I’m trying to figure out whether Ray will work for an application, and I’m trying to understand how dependencies get to the workers in a Ray cluster. Ex: let’s say I have
@ray.remote
def foo():
a = do_something_requiring_pandas()
b = do_something_requiring_openmpi()
return a + b
How do I make sure the workers have access to pandas (a third party python package) and openmpi (a non-python package usually installed via the OS package manager)? Do I have to just ensure that the workers have them installed “out of band” from Ray? Or does Ray do some automagic packaging of dependencies that it sends to the worker along with the task (I can see how that could work in the pandas case, but not the openmpi one)? I don’t actually care about pandas or openmpi specifically, they’re just handy examples of two different categories of dependency.

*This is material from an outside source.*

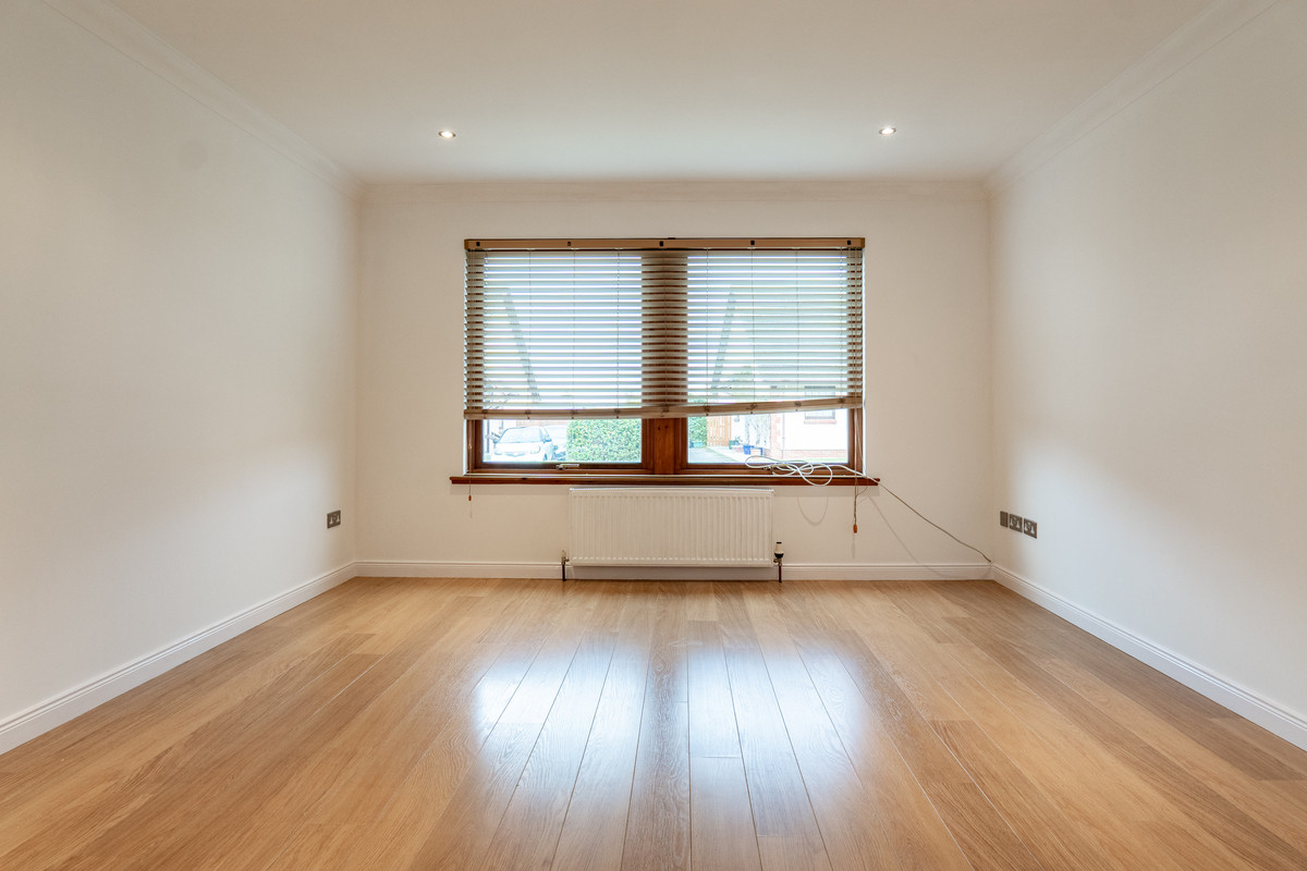 The living room sits to the front of the home and immediately feels bright and inviting. The space is finished in crisp white tones with wood flooring and matching skirtings that add warmth. A large picture window looks out to the front garden. The layout easily accommodates both a sofa suite and additional furnishings. With its clean, modern style and sizeable proportions, it offers the perfect place to relax or entertain.

For the case of pip and conda dependencies, Runtime Environments (https://docs.ray.io/en/master/advanced.html#runtime-environments-experimental) looks like the feature you're looking for. It's very new, so feedback is welcome!
EDIT by romeo, 27th of Feb '23
seems the link moved to https://docs.ray.io/en/latest/ray-core/handling-dependencies.html
EDIT
For something like openmpi, you could try https://docs.ray.io/en/master/cluster/config.html#setup-commands to ensure openmpi is installed on each node in your cluster.